- ABOUT THIS TASK:
Extract, in full, the lines below, beginning at the first and ending with the line that contains "首先,必赢线路检测3003n". Pictures do not belong in the copy.

- RECORDED DATA:

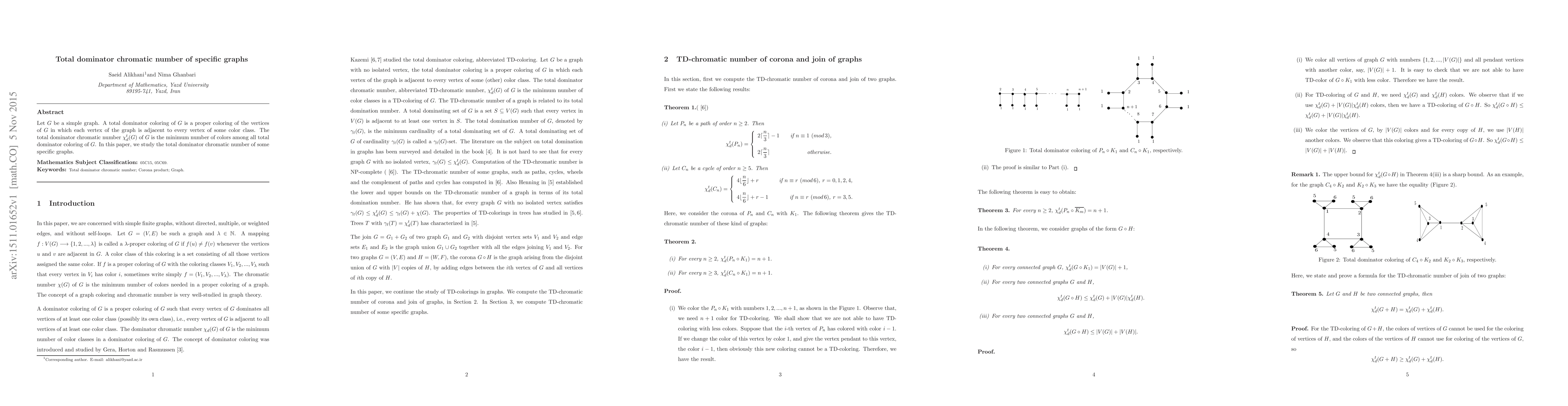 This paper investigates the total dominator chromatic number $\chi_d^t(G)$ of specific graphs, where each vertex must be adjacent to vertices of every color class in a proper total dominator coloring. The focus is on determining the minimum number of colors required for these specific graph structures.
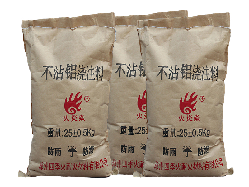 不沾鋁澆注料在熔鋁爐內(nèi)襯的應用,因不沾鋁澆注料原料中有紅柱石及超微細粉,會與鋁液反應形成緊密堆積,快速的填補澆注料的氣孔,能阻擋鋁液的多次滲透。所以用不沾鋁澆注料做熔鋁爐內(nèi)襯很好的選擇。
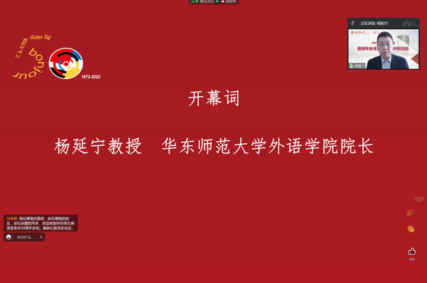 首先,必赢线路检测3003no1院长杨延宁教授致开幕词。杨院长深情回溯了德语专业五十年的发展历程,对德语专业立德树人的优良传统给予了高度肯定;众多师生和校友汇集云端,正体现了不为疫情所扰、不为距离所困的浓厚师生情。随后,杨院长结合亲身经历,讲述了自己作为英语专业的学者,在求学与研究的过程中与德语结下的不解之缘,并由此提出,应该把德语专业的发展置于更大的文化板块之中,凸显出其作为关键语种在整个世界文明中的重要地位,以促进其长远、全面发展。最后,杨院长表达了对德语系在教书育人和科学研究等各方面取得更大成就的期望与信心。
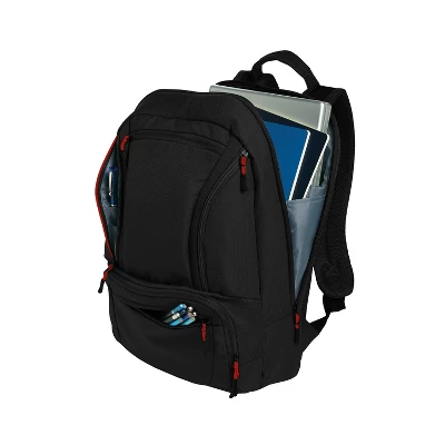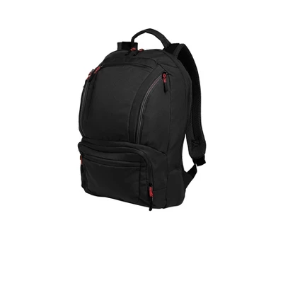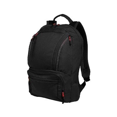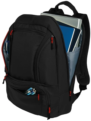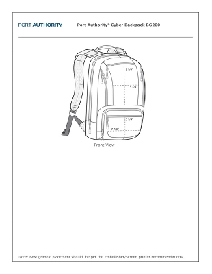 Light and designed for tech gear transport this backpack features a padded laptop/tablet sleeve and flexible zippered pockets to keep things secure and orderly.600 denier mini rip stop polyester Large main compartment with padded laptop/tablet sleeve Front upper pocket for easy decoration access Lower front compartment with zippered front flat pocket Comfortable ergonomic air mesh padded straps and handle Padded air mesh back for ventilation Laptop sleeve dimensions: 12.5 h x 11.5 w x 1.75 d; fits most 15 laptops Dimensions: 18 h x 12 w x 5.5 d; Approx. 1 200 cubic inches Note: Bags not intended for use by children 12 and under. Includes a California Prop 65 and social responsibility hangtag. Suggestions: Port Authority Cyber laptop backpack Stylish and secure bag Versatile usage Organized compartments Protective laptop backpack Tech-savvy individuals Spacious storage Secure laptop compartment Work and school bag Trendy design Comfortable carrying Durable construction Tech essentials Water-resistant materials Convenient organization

- REPLY:
 This paper investigates the total dominator chromatic number $\chi_d^t(G)$ of specific graphs, where each vertex must be adjacent to vertices of every color class in a proper total dominator coloring. The focus is on determining the minimum number of colors required for these specific graph structures.
 不沾鋁澆注料在熔鋁爐內(nèi)襯的應用,因不沾鋁澆注料原料中有紅柱石及超微細粉,會與鋁液反應形成緊密堆積,快速的填補澆注料的氣孔,能阻擋鋁液的多次滲透。所以用不沾鋁澆注料做熔鋁爐內(nèi)襯很好的選擇。
 首先,必赢线路检测3003no1院长杨延宁教授致开幕词。杨院长深情回溯了德语专业五十年的发展历程,对德语专业立德树人的优良传统给予了高度肯定;众多师生和校友汇集云端,正体现了不为疫情所扰、不为距离所困的浓厚师生情。随后,杨院长结合亲身经历,讲述了自己作为英语专业的学者,在求学与研究的过程中与德语结下的不解之缘,并由此提出,应该把德语专业的发展置于更大的文化板块之中,凸显出其作为关键语种在整个世界文明中的重要地位,以促进其长远、全面发展。最后,杨院长表达了对德语系在教书育人和科学研究等各方面取得更大成就的期望与信心。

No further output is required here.